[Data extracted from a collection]
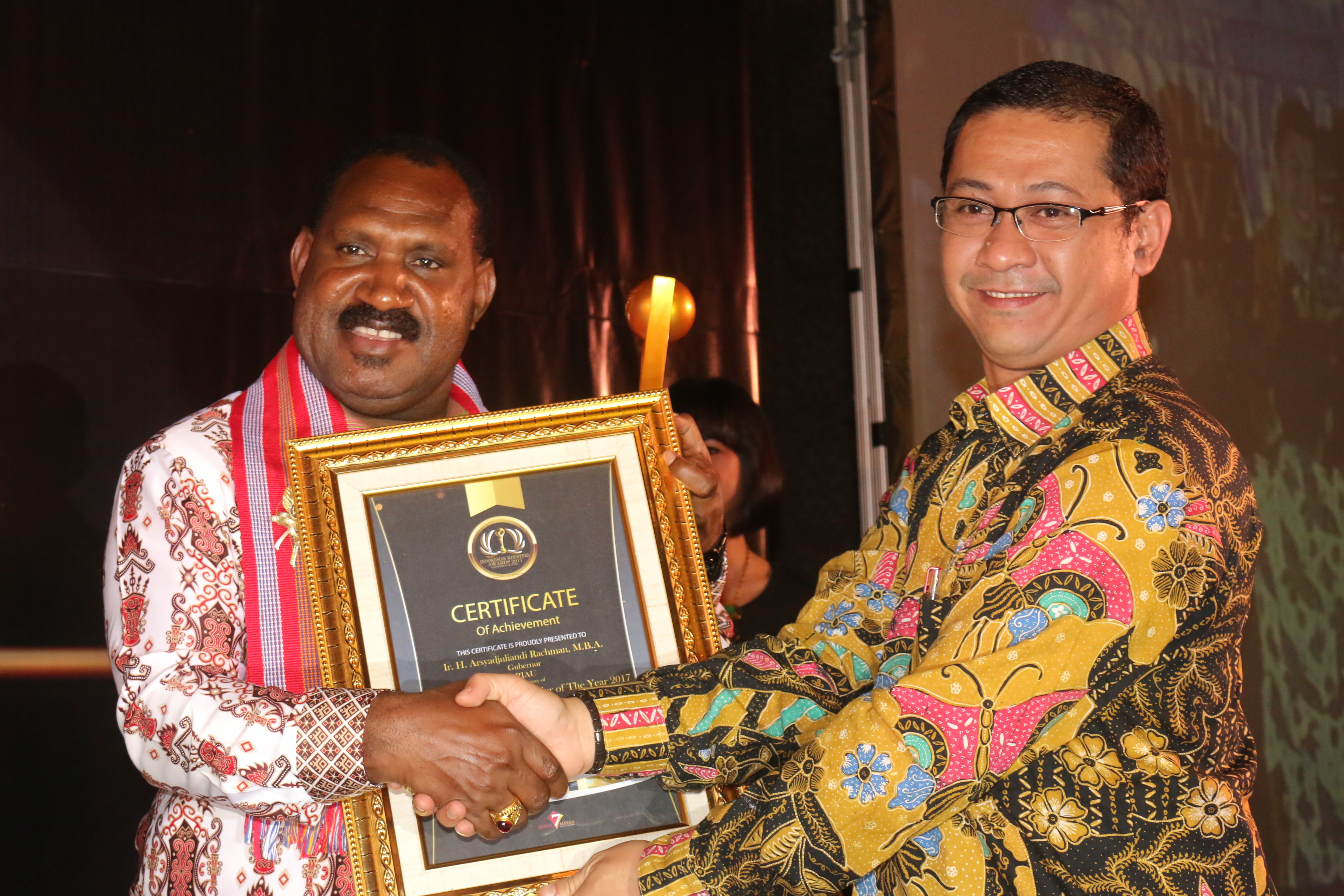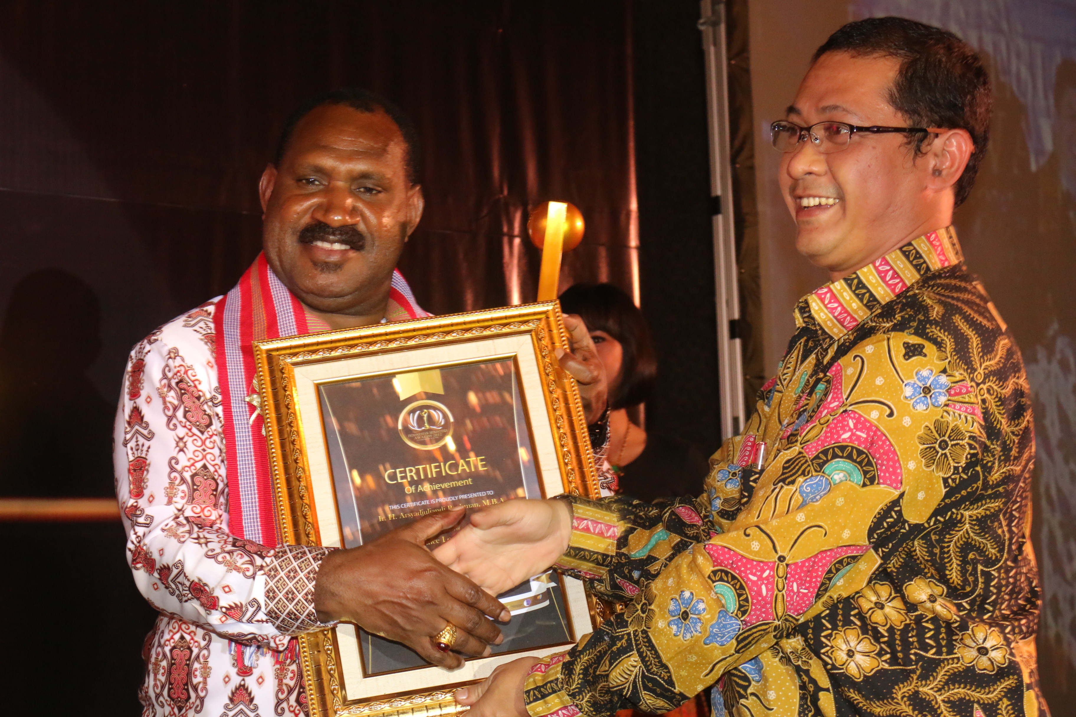 Bupati Puncak, Willem Wandik, SE MSi (kiri), menerima penghargaan 7 Best Regents of the Year 2017 atau 7 Bupati terbaik di Indonesia tahun 2017, dalam acara Indonesian Ministers Awards 2017 “Government and BUMN” yang dilaksanakan di Grand Ballroom The Trans Hotel Bali, Jumat (28/4). Penghargaan diserahkan oleh Kepala Sub Bidang Advokasi Usaha pada Kementerian Koperasi dan UKM, Dery Agus Muslim.
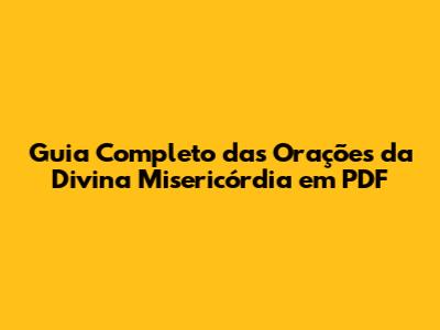 Guia Completo Das Orações Da Divina Misericórdia Em PDF
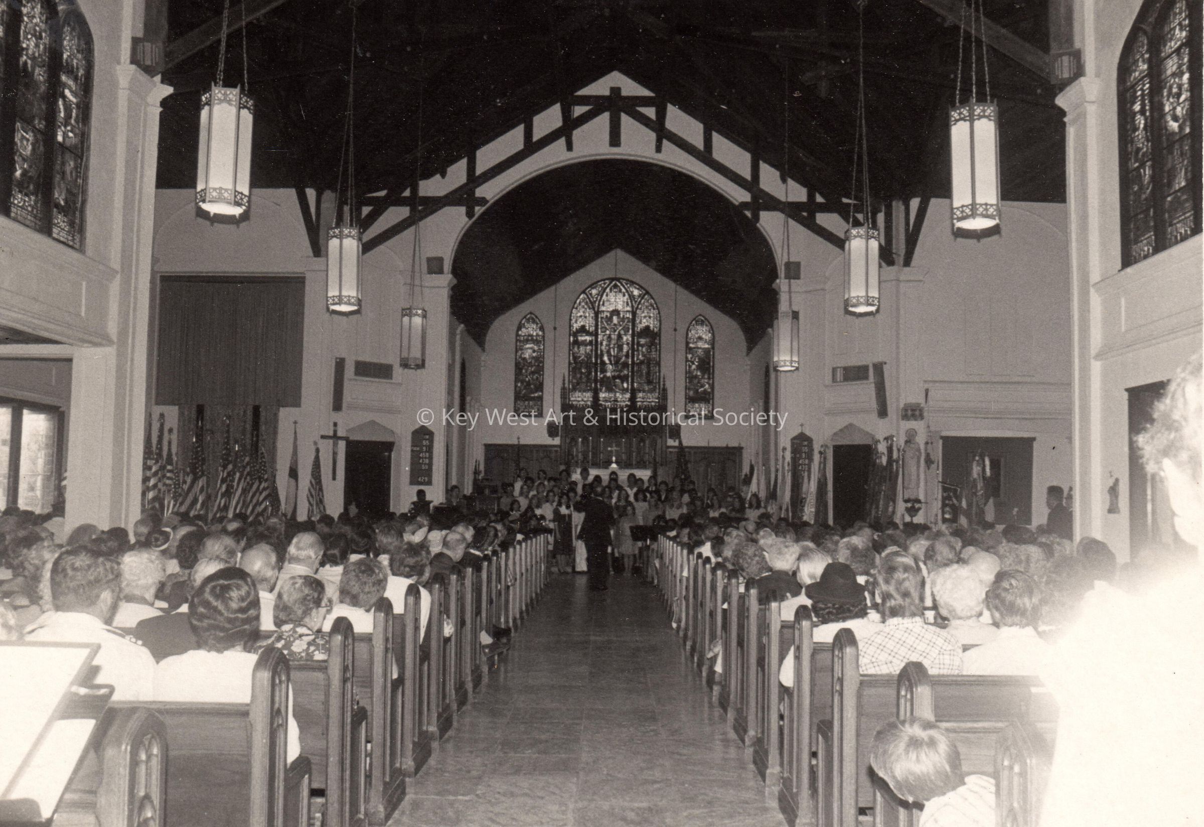 Black and white photograph of the interior of St. Paul's Episcopal Church at 401 Duval Street.Photograph Details
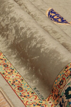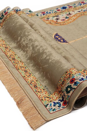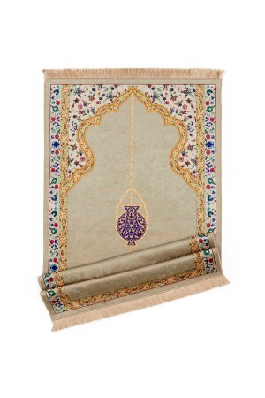 Şönil taban yapısı sayesinde kaymaz özelliği ile güvenli bir kullanım sunar ve seccadenin kaymasını önler Polyester materyal kullanımı- dayanıklılığı artırarak uzun süreli ve güvenilir bir kullanım imkanı sağlar Bej kadife dokusu- mekanınıza sıcaklık ve zarif bir görünüm katar
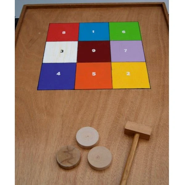 Sla met de hamer 3 schijven op het bord en probeer zoveel mogelijk punten te halen. Probeer de stenen dus met het hamertje weg te stoten in het raam.
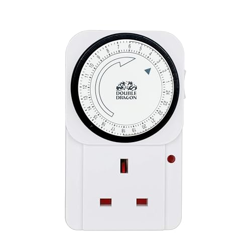 Double Dragon Pack of 1, 24 Hour Mechanical Timer Plug Socket| Programmable UK 3-Pin Timer Switch with 15-Minute Intervals |13A 3120W Energy-Saving Plug-in Timer for Lights, Appliances & Home Security
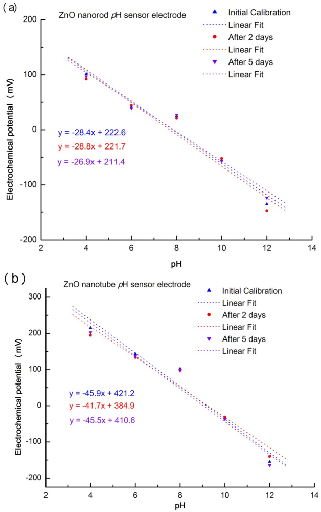 Figures 4(a),(b) show good repeatability of the ZnO nanotube and nanorod pH sensor electrodes in various buffer solutions. We took 10 developed ZnO nanotube and nanorod sensor electrodes (five ZnO nanotube electrodes and five ZnO nanorod electrodes. They have the same dimensions). The responses of the sensor electrodes were separately measured in buffer solutions of pH 4, 6, 8, 10 and 12 for three experimental measurements (initial calibration, after two days and after five days). Here, the same ZnO nanotube sensor electrode or ZnO nanorod sensor electrode was used in all three measurements at a specific pH solution. The sensor electrodes were carefully washed with de-ionized water after each measurement to clean the surface of the sensor electrodes. All these results show that the ZnO nanotube or ZnO nanorod pH sensor display good reproducibility, repeatability and long term stability.
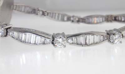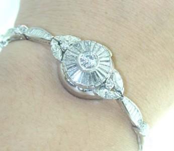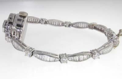 Platinum Diamond Watch.Watch's Weight : 28.8 grams.Total weight of center diamond: 0.50 cts, G color, VS clarity.Total weight of a side diamond: 8 cts, H color, VS clarity.The length of watch: 6".Swiss made.Chian is 3 mm wide.
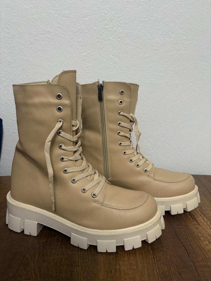 Bej deri platform topuklu botlar, sokak stiline uygun. Bağcıklı ön ve yan fermuarlı, günlük kullanıma uygun şık ve rahat bir tasarım sunar.
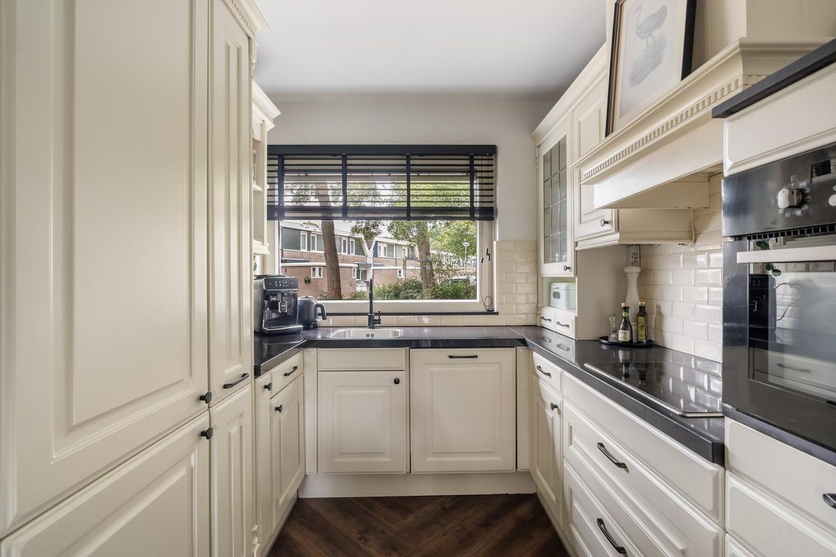 De open keuken, opgesteld in een praktische U-vorm, is uitgevoerd in een zachte crèmetint met een stijlvol zwart natuurstenen werkblad en betegelde achterwanden. Hier vind je diverse inbouwapparatuur zoals een inductiekookplaat met afzuigschouw, een combimagnetron, koel-vriescombinatie, designkraan en volop kastruimte.
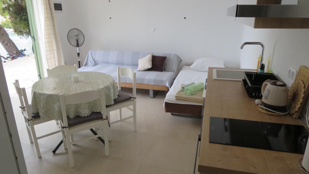 Je le recommande vivement. (vacances 02-11.07 2020) Un petit endroit calme. Un endroit idéal pour se reposer en famille. Si vous recherchez le confort et la tranquillité d'esprit, vous êtes au bon endroit. Le restaurant est bien équipé et dispose d'une terrasse avec une belle vue sur la baie. Littéralement quelques étapes et vous êtes dans une eau cristalline. Nous sommes heureux d'être de retour l'année prochaine. Super hôtes
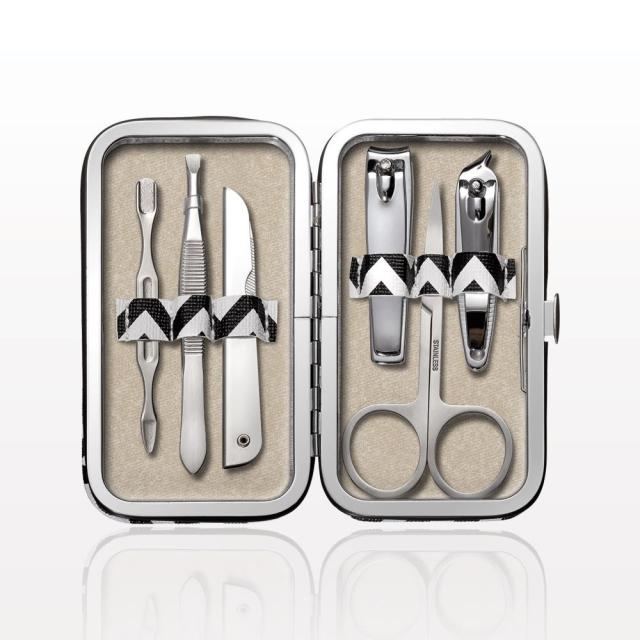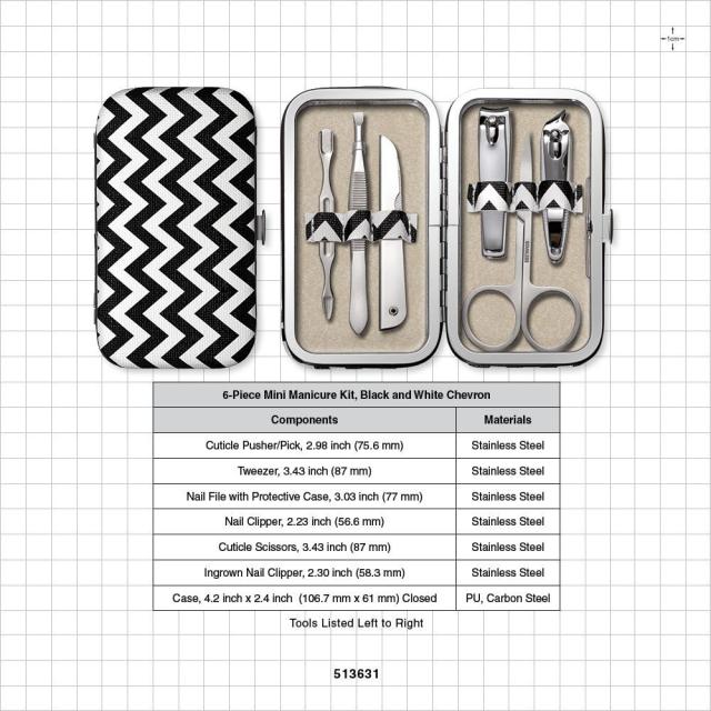 This 6-Piece Mini Manicure Kit includes all your essential manicure tools stored in a stylish black and white chevron case with snap closure. This set includes all stainless steel, high quality tools including a cuticle pusher/pick, tweezer, nail file with protective case, nail clipper, cuticle scissors and an ingrown nail clipper. Convenient for home use or for travel, this versatile manicure kit can also be sold at retail or offered as a promotional giveaway.

PROBLEM REQUIREMENTS: Retype the entries above exactly, starting at their first line and ending with the line that holds "Guia Completo Das"; pictures stay out.

EXERCISE RESULT:
 Bupati Puncak, Willem Wandik, SE MSi (kiri), menerima penghargaan 7 Best Regents of the Year 2017 atau 7 Bupati terbaik di Indonesia tahun 2017, dalam acara Indonesian Ministers Awards 2017 “Government and BUMN” yang dilaksanakan di Grand Ballroom The Trans Hotel Bali, Jumat (28/4). Penghargaan diserahkan oleh Kepala Sub Bidang Advokasi Usaha pada Kementerian Koperasi dan UKM, Dery Agus Muslim.
 Guia Completo Das Orações Da Divina Misericórdia Em PDF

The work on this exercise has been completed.